[blinkingled]

https://github.com/golang/go/commit/a62ae9f62fcfca02075b70e6...

> SystemCertPool returns an error on Windows. Maybe it's fixable later

This doesn't inspire confidence in Go as a cross platform language which is at version 1.7. If this is implemented in say 1.8, am I supposed to check for Go versions in order to know if the SystemCertPool func works or not? I mean why not just release it when it works on all tier-1 supported platforms?

[bradfitz]

Thanks for the reminder. I've filed:

https://github.com/golang/go/issues/16736

We actually try hard not to do platform-specific stuff, but in this case it seemed worth it, considering the problems people were having with cert validations and how Windows differs in how it validates TLS connections.

[IshKebab]

Go is far better than most languages at supporting random system APIs. I mean, you can cross-compile code on Windows that uses Linux syscalls. Try doing that in Python. Actually I just Googled and I'm not sure Python even lets you use syscalls. I also couldn't even find any third party library to give you the system CA pool, let alone a first party one.

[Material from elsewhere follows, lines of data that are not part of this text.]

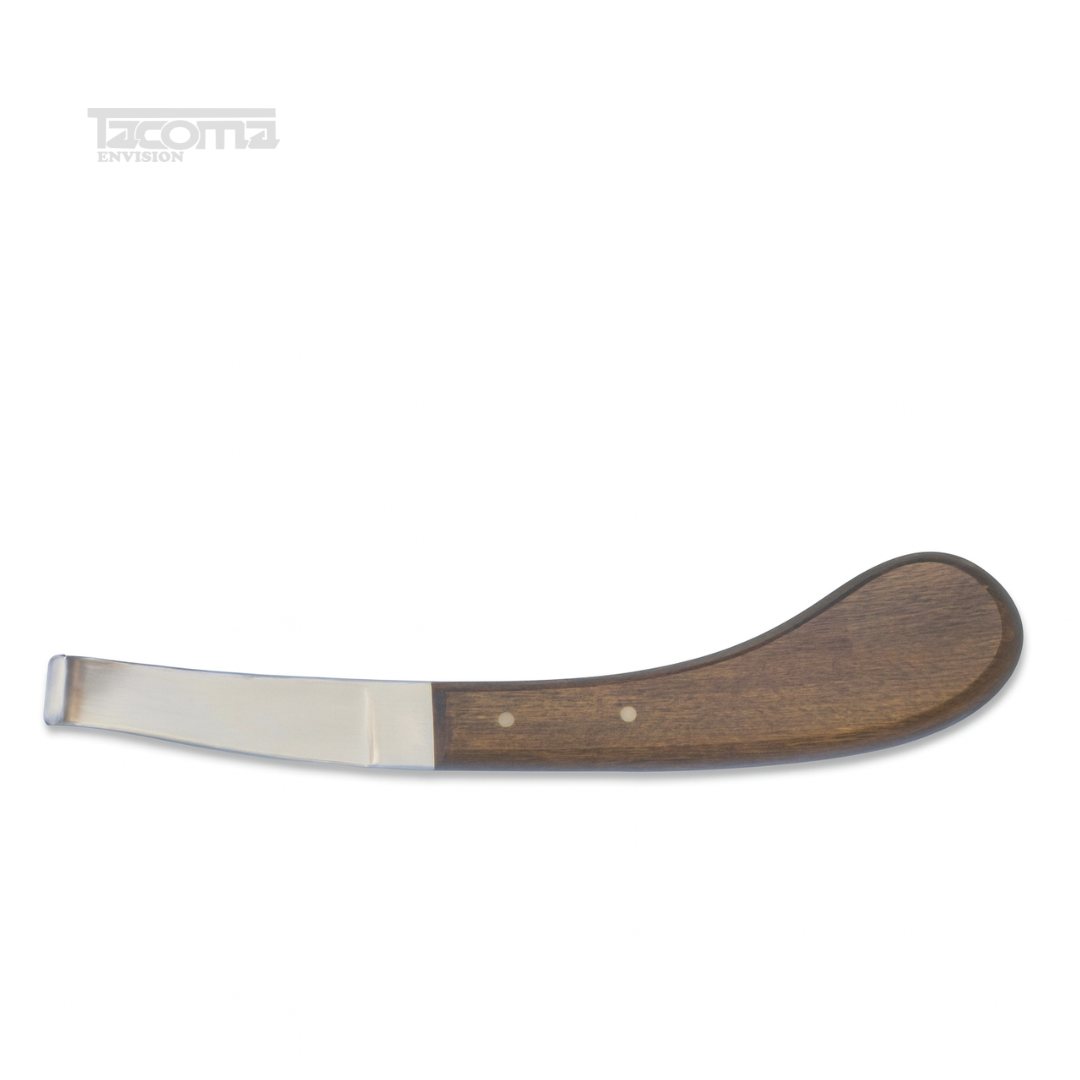 The Hoof Knife Wooden Handle with Right Edge ensures accurate, smooth hoof trimming. Made from stainless steel with a durable wooden handle for control and comfort.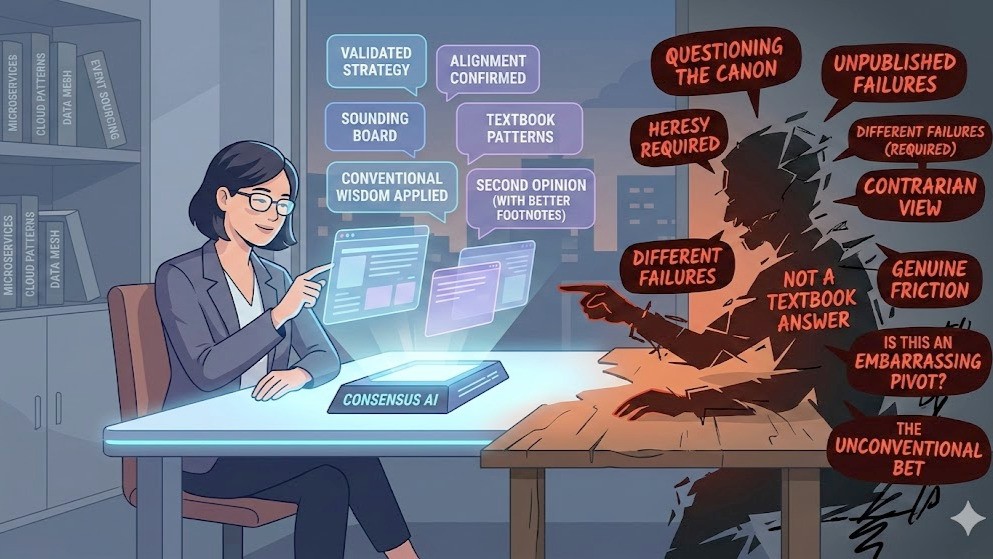 The more consequential the decision, the more this matters. Stress-testing an API design choice with an AI in Postman? Perfectly reasonable. Stress-testing the assumption that your organization should be betting on a particular technology platform for the next five years? You need someone whose priors were shaped by different failures than yours.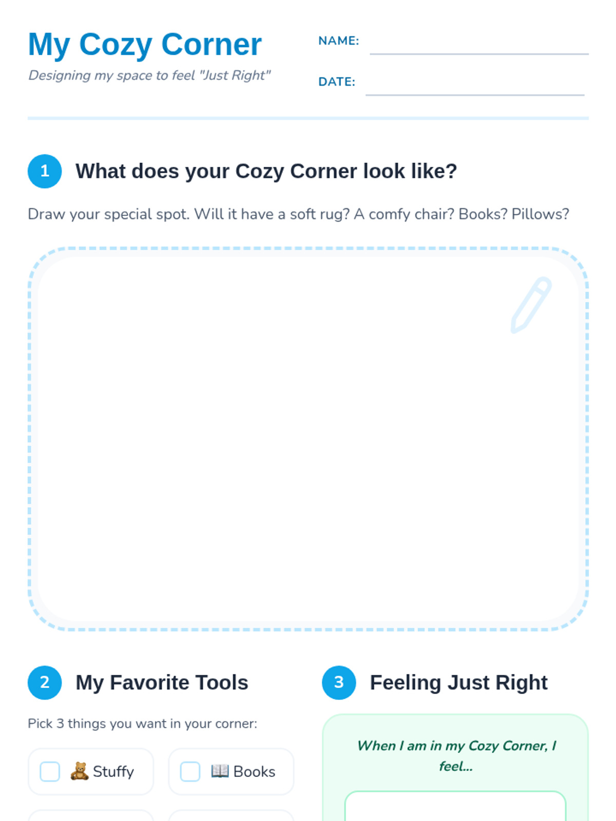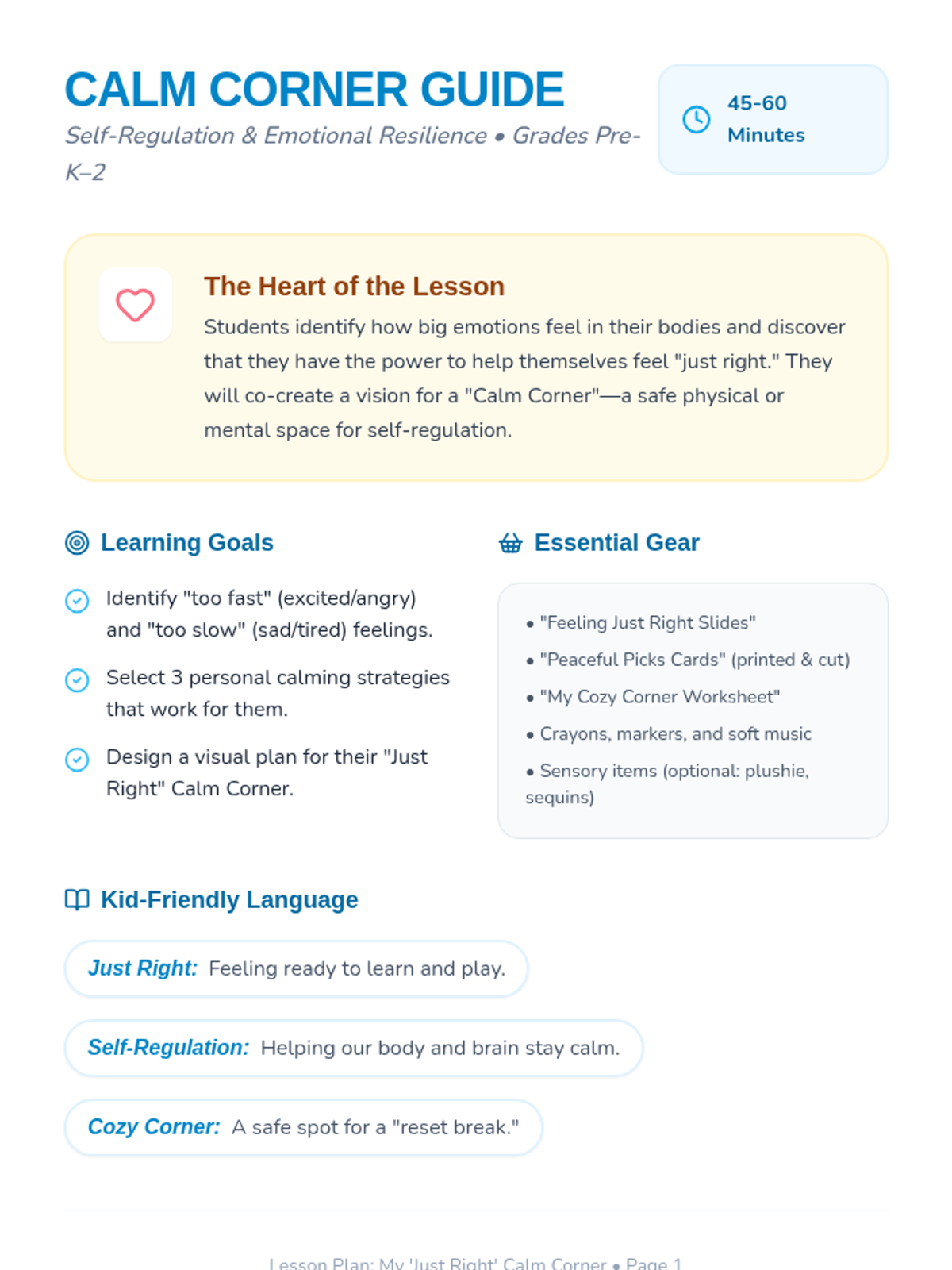 Students explore self-regulation by identifying personal calming strategies and designing a 'just right' space for managing big emotions. This lesson uses interactive discussion and creative planning to build emotional resilience in early learners.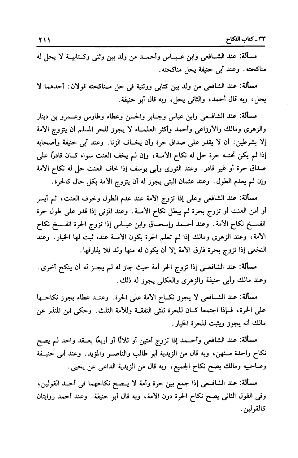 مَسْأَلَةٌ: عِنْدَ الشَّافِعِيِّ وابن عَبَّاسٍ وجابر والحسن وعَطَاء وطاوس وعمرو بن دينار والزُّهْرِيّ وَمَالِك والْأَوْزَاعِيّ وَأَحْمَد وأَكْثَر الْعُلَمَاءِ لا يجوز للحر المسلم أن يتزوج الأمة إلا بشرطين: أن لا يقدر على صداق حرة وأن يخاف الزنا. وعند أَبِي حَنِيفَةَ وأصحابه إذا لم يكن تحته حرة حلَّ له نكاح الأمة، وإن لم يخف العنت سواء كان قادرًا على صداق حرة أو غير قادر. وعند الثَّوْرِيّ وأَبِي يُوسُفَ إذا خاف العنت حلَّ له نكاح الأمة وإن لم يعدم الطَّول. وعند عثمان البتي يجوز له أن يتزوج الأمة بكل حال كالحرة.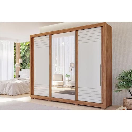 Guarda Roupa Casal 3 Portas de Correr (1 c/ Espelho) e 6 Gavetas c/ Pés Vitória Cinamomo/Off White - Panan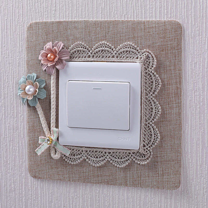 粘着剤不使用のスイッチステッカーヨーロッパスタイルの家庭用装飾スイッチカバーライトソケットステッカーファブリック洗えるリビングルームの壁ステッカー Bao Yiling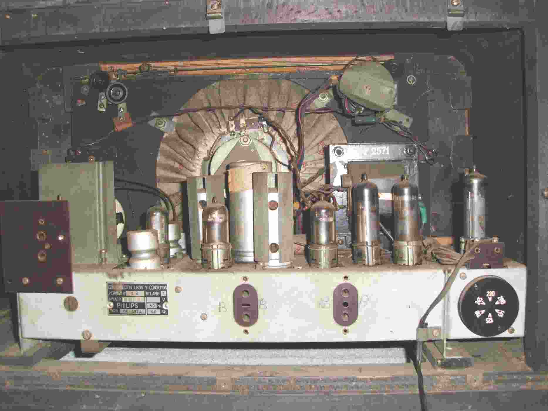 Dies ist ein Philips BCH 581 A. Der hat allerdings die Röhrenbestückung ECH21, 2 X EAF41, EM4, EBL21, AZ1. Die Empfangsleistung ist sehr ansprechend für ein Tischgerät dieser Art - es hat 4 Kurzwellenbereiche, Mittel- und Langwelle. Die Skala ist aus Kunststoff, nicht Glas. Eine Restauration des spanischen Geräts ist sicher lohnenswert, wenn auch das Gehäuse dort wohl nicht ganz so aufwändig (Intarsieren im BCH 581 A) gemacht ist. Dafür ist eine Gegentakt-Endstufe mit 2 x EL41 anstelle der EBL21 drin....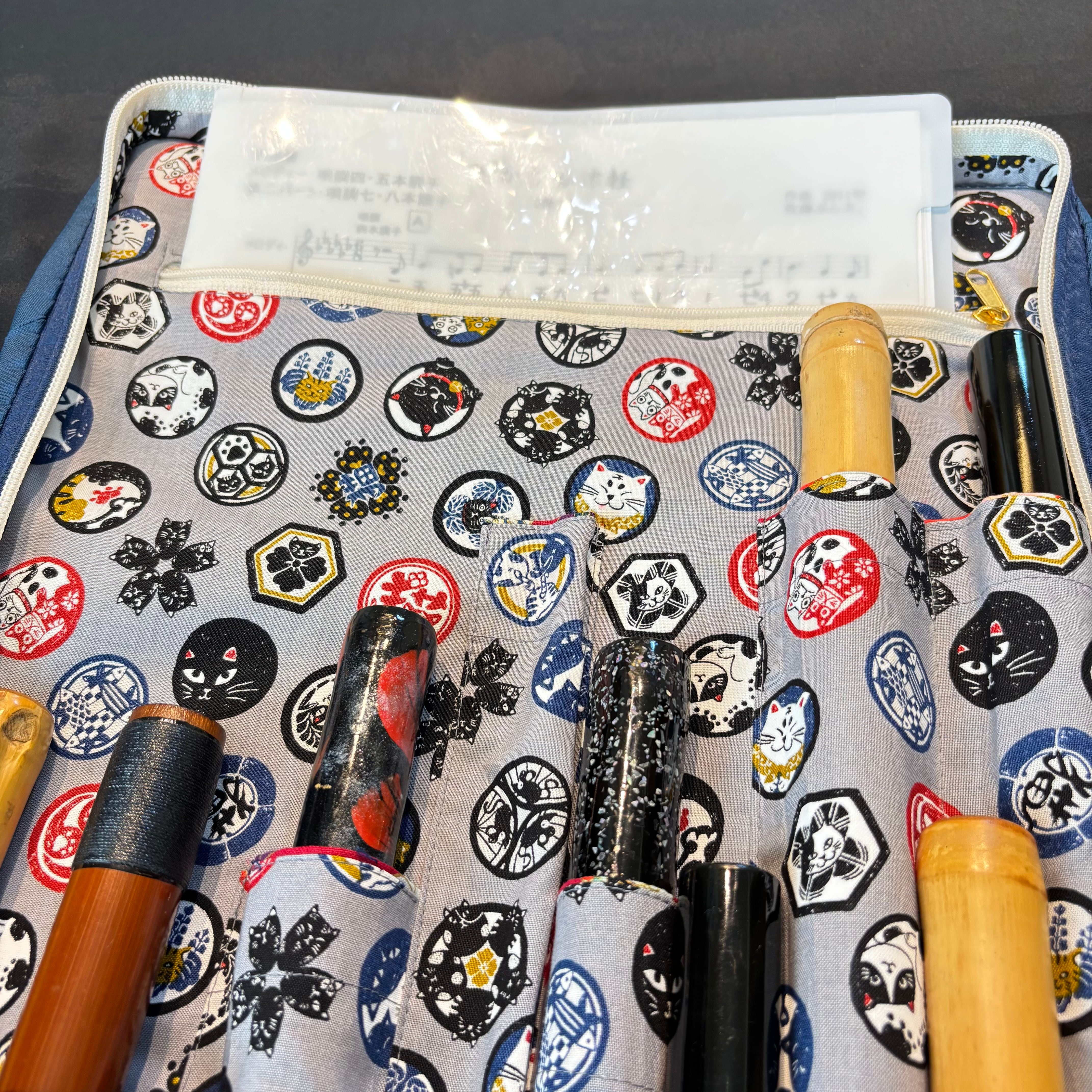 譜面も入れれる10本入れ笛袋!一点モノ♪長さ65センチまで入る笛袋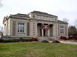 Hall Memorial Library, a Neo-Classical Revival building built of brick and limestone, is one of the largest buildings in the historic district. The historic district also includes two churches.[2]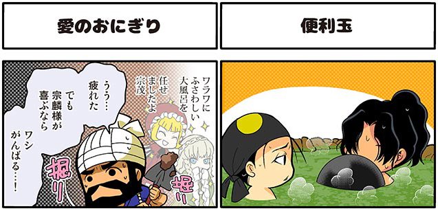 【湯けむり】戦国BASARAシリーズ公式サイトにて、好評連載中4コマ漫画「湯けむり戦国BASARA」更新!「便利玉」「愛のおにぎり」の2本立て!是非ご覧ください! capcom.co.jp/game/content/b…

Tell me a language that has a first-party cross-platform library that allows you to get the system CA pool on all platforms.

[wbond]

My third-party Python library that gives access to the system CA trust store: https://github.com/wbond/oscrypto

[krasin]

>If this is implemented in say 1.8, am I supposed to check for Go versions in order to know if the SystemCertPool func works or not?

No, not really. Just compile the program with 1.8, and don't worry about the bugs in the past.